Şimdi kamu kuruluşları işyerlerinde imzalanamayan Toplu İş Sözleşmeleri kapsamında sayılan Zonguldak maden işçisi ile ilgili Genel Maden İşçileri Sendikası 16.07.2013 tarihi itibariyle grev kararı aldı. TTK Genel Müdürlüğü’nde 25.Dönem ve MTA İşyerlerinde 15.Dönem Toplu İş Sözleşmesi görüşmelerinde anlaşma sağlanamaması sonucu 60 günlük Grev uygulama süreci başlatıldı.Sendika Grev Kararını almak zorunda idi.6356 Sayılı Sendikalar ve Toplu İş Sözleşmesi Yasası’nın 60 maddesine göre Sendika, Grev Kararını almasa idi. YETKİSİ düşecekti.Yani toplu iş sözleşmesi imzalamaktan vazgeçmiş sayılacaktı.

 

Havzada yaklaşık 12 bin maden işçisi,aylardır süren görüşmeler sonucu Tolu İş Sözleşmesinin imzalanmasını bekliyordu.Ayrıca bu sözleşmeye paralel olarak Havzada ilk özel HEMA Maden Ocaklarında da çalışan 500 işçinin  toplu iş sözleşmesi yapılmış olacaktı.Grev Kararı toplumu gerdi.Adını Sendikacılık Tarihine yazdıran ışıklar içinde yatsın Şemsi DENİZER başkanlığındaki yürütülen TİS görüşmeleri,bir işçinin dahi burnu kanamadan sürdürülen Grev  ve Mengen’e yürüyen 30 bin  madenci düşünüldü.Devlet adamı 1990’ un Zonguldak  Valisi Saim ÇOTUR ,Saygı ile anımsandı.  

 

Ancak 23.07.2013 günü TÜRK-İŞ Yönetim Kurulu ve Kamuda Toplu İş Sözleşme yapacak TÜRK-İŞ’e bağlı sendikaların Genel Başkanları ile Hükümet adına Çalışma ve Sosyal Güvenlik Bakanı arasında 5.kez yapılan toplantıda çerçeve protokolü imzalandı.Çerçeve protokolüne göre, TÜRK-İŞ’in ücretler için % 10+10 zam istemine karşın Birinci yıl için % 4+4 ,İkinci yıl  için % 3+3 zam uygulanacak.   

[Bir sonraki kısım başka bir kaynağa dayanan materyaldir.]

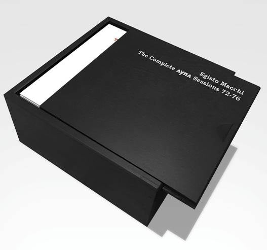 "All compositions released by maestro Egisto Macchi for AYNA Records from 1972 till 1976 available for the first time in a wooden limited-edition box with 13CD from the original master tapes. The entire series of LPs released for AYNA Records between 1972 and 1976 is now reproduced on CD in a box set edited by Cinedelic which has the advantage of making music available again that collectors have been competing for a long time for hundreds of euros. In the original editions an exhaustive and fascinating cross-section of the work of a composer who in his artistic career has been able to project his many souls as a member of the Gruppo di Improvvisazione Nuova Consonanza, author of works for avant-garde musical theater creator of soundtracks for free cinema director Joseph Losey and founder -- together with Evangelisti Ketoff and others -- of Studio R7-Electronic laboratory for experimental music in Rome in 1968. A versatility that is perceived in all its richness in these AYNA Sessions recorded together with a handful of instrumentalists recruited at the Maggio Musicale Fiorentino expressed in the surreal exotica of Africa Minima between Les Baxter and Debussy as in the cantatas to Fiorenzo Carpi of "Comedie Francaise" in the dramatic Morriconian tones of Prigionia as in the Baroque-isms of the Adagi and Allegri in the syncopated movements of "Violence" as in the ethereal plots of "Mexico". A fantastic journey through different eras and scenarios from which emerge some of the most inspired pages of the entire history of library music looted by crate diggers in recent decades: the impalpable and ghostly plots of Il Deserto the police raid of Nucleo Centrale Investigativo and the diptych composed of Pittura Moderna 1 & 2 and Pittura Contemporanea, in which Macchi offers a sound representation of the work of artists such as Burri, Mondrian, Pascali, and Kandinsky, tautologically reaffirming all the imaginative scope of his music. 13CD set; includes a booklet; numbered wooden box; edition of 400." - Cinedelic Records .

En Düşük işçi ücreti brüt olarak 1100 Tl’ye yükseltilecek,Aylık Brüt geliri 1.850 tl nin altında olan işçilere 200 Tl ,yevmi yelerine 6.67 Tl iyileştirme zammı uygulanacak,Sosyal yardımlar 01.01.2013 ten itibaren 180 Tl ye yükseltilecek,

TTK Maden işçisine 155.-Tl, MTA İşçilerine 166.-Tl sosyal yardım ödenecek.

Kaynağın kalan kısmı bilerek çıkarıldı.